『鏡家サーガシリーズ』の1作目で,
01年07月のノベルス作品の文庫化.
第21回メフィスト賞の受賞作で,著者のデビュー作にもあたる作品です.
アニメなどを元にしたユーモアは,物語の陰惨さとの対比もあって印象的なのですが,
あまりにもたくさんで理解できないものも多いため,さすがにうんざりしてしまいます.
また,『壊れている』『狂っている』という表現が何度も出てくるのが気になるところで,
確かにそう感じるところはあるものの,繰り返されることで却って安っぽくなっているよう.

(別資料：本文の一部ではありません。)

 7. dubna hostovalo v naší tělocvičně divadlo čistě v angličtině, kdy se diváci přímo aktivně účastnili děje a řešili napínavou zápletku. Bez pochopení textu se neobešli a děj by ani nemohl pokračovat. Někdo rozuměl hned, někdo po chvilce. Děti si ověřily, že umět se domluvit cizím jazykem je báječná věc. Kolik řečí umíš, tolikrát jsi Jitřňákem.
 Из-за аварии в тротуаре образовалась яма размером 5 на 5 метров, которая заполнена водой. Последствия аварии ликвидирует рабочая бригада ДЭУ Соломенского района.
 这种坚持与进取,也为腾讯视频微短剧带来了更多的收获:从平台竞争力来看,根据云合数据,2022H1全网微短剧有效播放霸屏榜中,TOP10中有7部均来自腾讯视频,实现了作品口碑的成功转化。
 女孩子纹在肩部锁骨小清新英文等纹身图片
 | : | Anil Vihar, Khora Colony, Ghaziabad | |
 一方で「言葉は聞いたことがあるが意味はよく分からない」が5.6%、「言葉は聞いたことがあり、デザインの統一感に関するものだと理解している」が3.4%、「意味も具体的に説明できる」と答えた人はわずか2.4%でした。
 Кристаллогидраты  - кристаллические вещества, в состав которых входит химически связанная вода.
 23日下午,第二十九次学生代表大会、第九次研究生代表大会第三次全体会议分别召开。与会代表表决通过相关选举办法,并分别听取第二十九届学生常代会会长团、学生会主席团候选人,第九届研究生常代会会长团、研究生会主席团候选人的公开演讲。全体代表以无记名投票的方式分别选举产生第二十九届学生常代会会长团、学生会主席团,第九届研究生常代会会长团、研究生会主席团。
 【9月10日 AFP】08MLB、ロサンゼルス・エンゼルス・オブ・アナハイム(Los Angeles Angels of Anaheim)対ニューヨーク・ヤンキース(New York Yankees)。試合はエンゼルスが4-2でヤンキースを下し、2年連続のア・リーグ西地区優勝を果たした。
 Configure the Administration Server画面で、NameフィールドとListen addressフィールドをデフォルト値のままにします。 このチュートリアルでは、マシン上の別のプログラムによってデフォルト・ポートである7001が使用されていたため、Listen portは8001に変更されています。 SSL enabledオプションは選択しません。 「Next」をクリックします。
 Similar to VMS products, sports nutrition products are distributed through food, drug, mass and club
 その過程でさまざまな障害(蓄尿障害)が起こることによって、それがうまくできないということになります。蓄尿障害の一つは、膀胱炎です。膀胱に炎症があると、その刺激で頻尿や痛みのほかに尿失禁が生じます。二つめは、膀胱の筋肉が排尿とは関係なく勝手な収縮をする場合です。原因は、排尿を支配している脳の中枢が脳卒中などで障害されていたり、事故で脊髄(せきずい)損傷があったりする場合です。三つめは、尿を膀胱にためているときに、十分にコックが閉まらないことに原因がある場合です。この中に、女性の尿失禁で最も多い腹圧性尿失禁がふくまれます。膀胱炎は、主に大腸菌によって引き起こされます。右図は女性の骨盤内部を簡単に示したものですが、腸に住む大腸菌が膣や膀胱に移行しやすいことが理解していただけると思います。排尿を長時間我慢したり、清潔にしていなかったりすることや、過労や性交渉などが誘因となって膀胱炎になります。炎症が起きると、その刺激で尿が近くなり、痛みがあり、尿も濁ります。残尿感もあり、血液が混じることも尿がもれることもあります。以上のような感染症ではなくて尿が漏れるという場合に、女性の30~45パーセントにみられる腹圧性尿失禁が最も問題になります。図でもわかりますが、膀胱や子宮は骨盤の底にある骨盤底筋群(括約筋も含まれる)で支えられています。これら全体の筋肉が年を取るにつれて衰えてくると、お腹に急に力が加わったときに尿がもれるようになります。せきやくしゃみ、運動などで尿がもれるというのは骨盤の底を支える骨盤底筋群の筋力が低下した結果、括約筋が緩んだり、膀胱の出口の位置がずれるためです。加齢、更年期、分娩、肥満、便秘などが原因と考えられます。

ほかにも,ミステリなんて完全無視とも言わんばかりのメチャクチャな真相とその後日談,
また詰めの甘さであったり,投げっぱなしになっていることなど,いろいろ引っかかります.
ただ,それらが霞んでしまうほどの『突き抜けるような勢い』を感じてしまうのもまた事実で,
粗っぽいところは多々あるものの,もう少し読んでみたいと思わせられる作家さん,作品でした.
文庫化に際しての加筆修正については,巻末に明示的な記述は見あたりませんでしたが,
あとがき(文庫版のみ)に,「加筆修正をほどこした」と著者自らのコメントがあります.